Task goal
Look through the material below. Return exactly the lines from the one with "除了觀賞之外,八達(dá)嶺" through the one with "7月12日晚,正在举行的20", both included.

Excerpted data
+---+

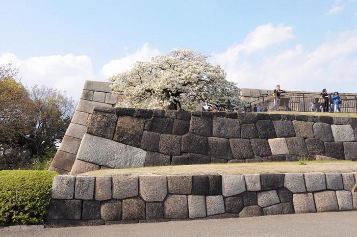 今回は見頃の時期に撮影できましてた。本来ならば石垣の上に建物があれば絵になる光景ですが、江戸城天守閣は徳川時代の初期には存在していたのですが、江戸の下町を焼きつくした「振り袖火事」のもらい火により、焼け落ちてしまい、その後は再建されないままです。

+---+

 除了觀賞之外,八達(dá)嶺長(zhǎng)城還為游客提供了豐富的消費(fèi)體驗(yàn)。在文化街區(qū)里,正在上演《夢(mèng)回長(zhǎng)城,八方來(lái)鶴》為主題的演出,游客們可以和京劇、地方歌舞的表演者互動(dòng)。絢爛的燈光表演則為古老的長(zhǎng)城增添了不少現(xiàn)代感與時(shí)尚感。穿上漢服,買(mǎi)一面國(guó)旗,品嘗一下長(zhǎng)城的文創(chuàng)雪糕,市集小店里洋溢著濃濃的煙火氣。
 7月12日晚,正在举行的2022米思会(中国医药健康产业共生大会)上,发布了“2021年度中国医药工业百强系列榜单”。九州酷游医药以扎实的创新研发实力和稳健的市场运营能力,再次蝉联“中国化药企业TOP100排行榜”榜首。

+---+

Solution below
 除了觀賞之外,八達(dá)嶺長(zhǎng)城還為游客提供了豐富的消費(fèi)體驗(yàn)。在文化街區(qū)里,正在上演《夢(mèng)回長(zhǎng)城,八方來(lái)鶴》為主題的演出,游客們可以和京劇、地方歌舞的表演者互動(dòng)。絢爛的燈光表演則為古老的長(zhǎng)城增添了不少現(xiàn)代感與時(shí)尚感。穿上漢服,買(mǎi)一面國(guó)旗,品嘗一下長(zhǎng)城的文創(chuàng)雪糕,市集小店里洋溢著濃濃的煙火氣。
 7月12日晚,正在举行的2022米思会(中国医药健康产业共生大会)上,发布了“2021年度中国医药工业百强系列榜单”。九州酷游医药以扎实的创新研发实力和稳健的市场运营能力,再次蝉联“中国化药企业TOP100排行榜”榜首。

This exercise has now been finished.